*** Opening of PROVIDED RECORDS ***

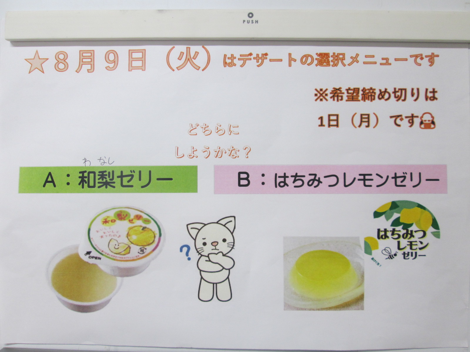 今月の選択メニューはデザートの選択で、和梨ゼリーとはちみつレモンゼリーのどちらかを選べました。
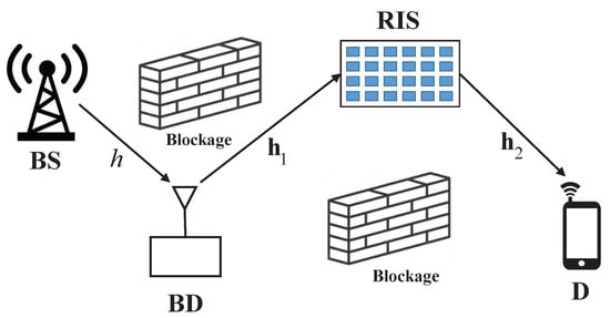 The growth of the Internet of Things (IoTs) has paved the way for ambient backscatter communication (AmBC) for spectral and energy efficiency. AmBC employs ambient radio frequency (RF) signals for low-power communication and leverages wireless signal modulation to enable cost-effective communication [1,2,3,4]. We employ a low-power multi-antenna design and a novel coding mechanism that can be decoded on backscatter devices (BDs), and these designs rely solely on energy harvested from television (TV) and solar sources [1]. In [2], a novel communication system that bridges RF-powered devices with the internet, i.e., Wi-Fi backscatter, is proposed. A communication system that enables two devices to communicate using only ambient RF as the source of power is presented in [3]. The performance of RF-powered cognitive radio networks (CRNs) with AmBC is investigated in [4]. Applications of AmBC include radio frequency identification (RFID) and electronic toll collection. Several challenges of AmBC technology include complex RF signals, transmission range, limited data rates, security concerns, and interference [5]. To enable technologies for next-generation mobile systems, reconfigurable intelligent surfaces (RISs) have emerged as promising solutions in both academia and industry [6]. An RIS consists of many passive and low-cost reflecting elements, each of which can independently reflect an electromagnetic wave with phase shifts [7]. Thus, RISs have recently received considerable interest on account of their enhanced energy efficiency and improved spectral efficiency [8,9,10,11,12]. An RIS for downlink multi-user communication from a multi-antenna base station is investigated in [8]. The authors of [9] introduced the emerging research field of RIS-empowered smart radio environments (SREs). A physics-based model and a scalable optimization framework for large IRSs were developed in [10]. The secrecy rate of an IRS-assisted Gaussian multiple-input–multiple-output (MIMO) wiretap channel (WTC) was enhanced in [11]. An IRS-aided multiple-input–single-output (MISO) wireless transmission system was investigated in [12]. The authors optimized the passive phase shift of each element at the IRS to maximize the downlink-received signal-to-noise ratio (SNR).
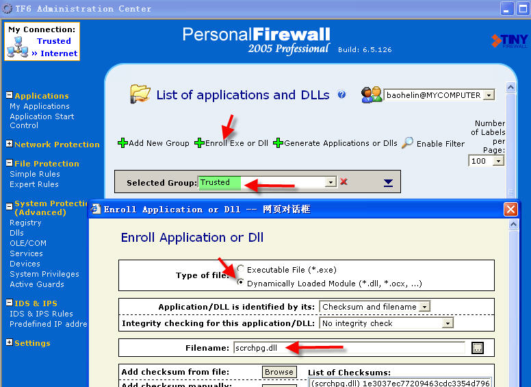 将scr_ch_pg.dll录入Trusted组。
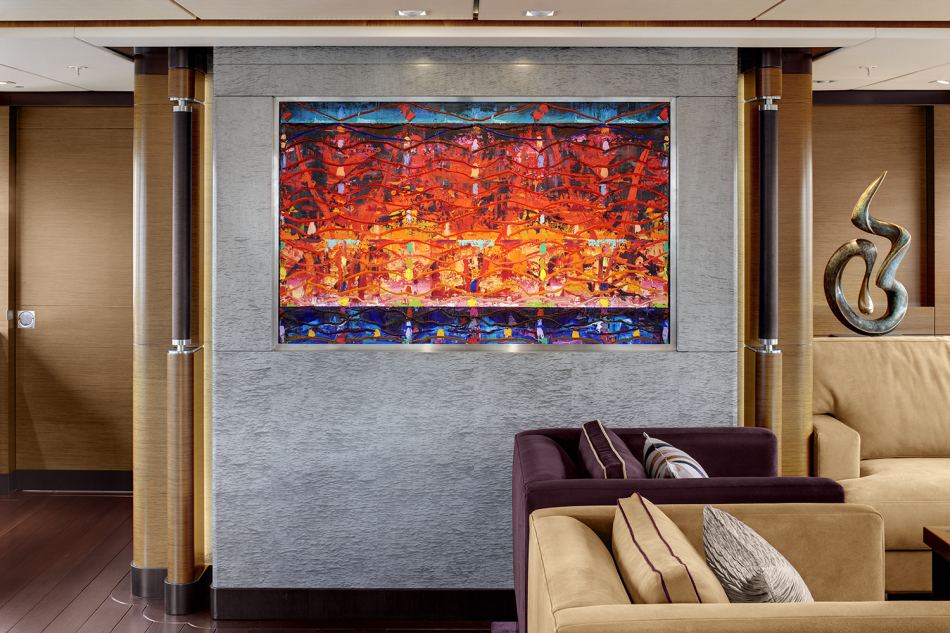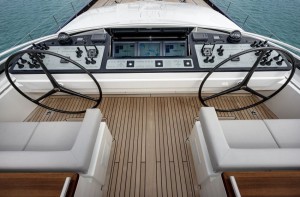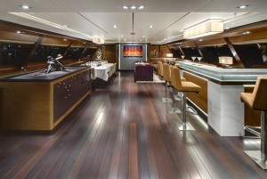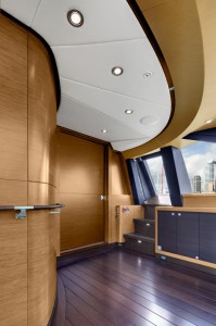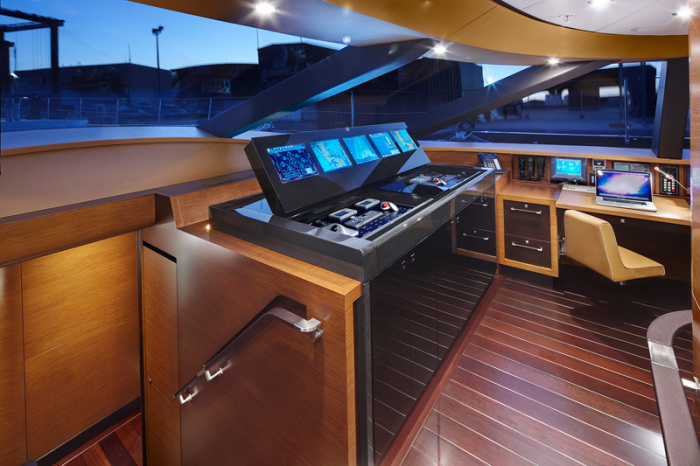 Kokomo’s owner had a clear idea about the look and operation of the SeaTouch monitoring system. While the technology inside is very similar to recent yachts, the aesthetics have evolved in a new direction. When the SeaTouch system is inactive, it is a flat sheet of tinted glass. Then, when activated, the forward glass panel slides back to reveal the control panel and the rear piece of glass lifts on an angle to become the monitor, or screen.
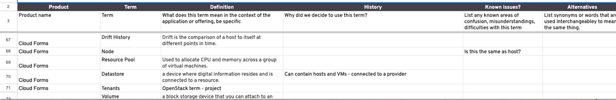 Having a glossary of terms for a product can help immensely in having clear and precise language in documentation; and it also assists product teams in making sure they are not overloading terms or using incorrect language to describe features or interactions. Creating a glossary together is a great way of getting this in place quickly with effective knowledge sharing.
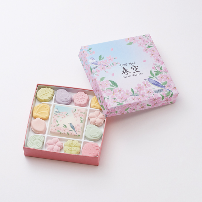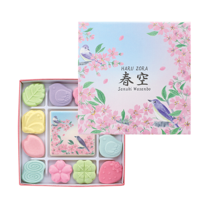 春の季節の新商品です。桜が描かれた中央の大きな和三盆をはじめ、蝶々、クローバー、イチゴなど、春を感じるモチーフを組み合わせました。美しい春色の和三盆をお楽しみください。

*** Close of PROVIDED RECORDS ***

# ASSIGNMENT:
Each line above that falls between the line with "将scr_ch_pg.dll录入Trusted组。" and the line with "Kokomo’s owner had" should be printed exactly, together with those two lines, but the pictures should not.

# OUTPUT BELOW:
 将scr_ch_pg.dll录入Trusted组。
 Kokomo’s owner had a clear idea about the look and operation of the SeaTouch monitoring system. While the technology inside is very similar to recent yachts, the aesthetics have evolved in a new direction. When the SeaTouch system is inactive, it is a flat sheet of tinted glass. Then, when activated, the forward glass panel slides back to reveal the control panel and the rear piece of glass lifts on an angle to become the monitor, or screen.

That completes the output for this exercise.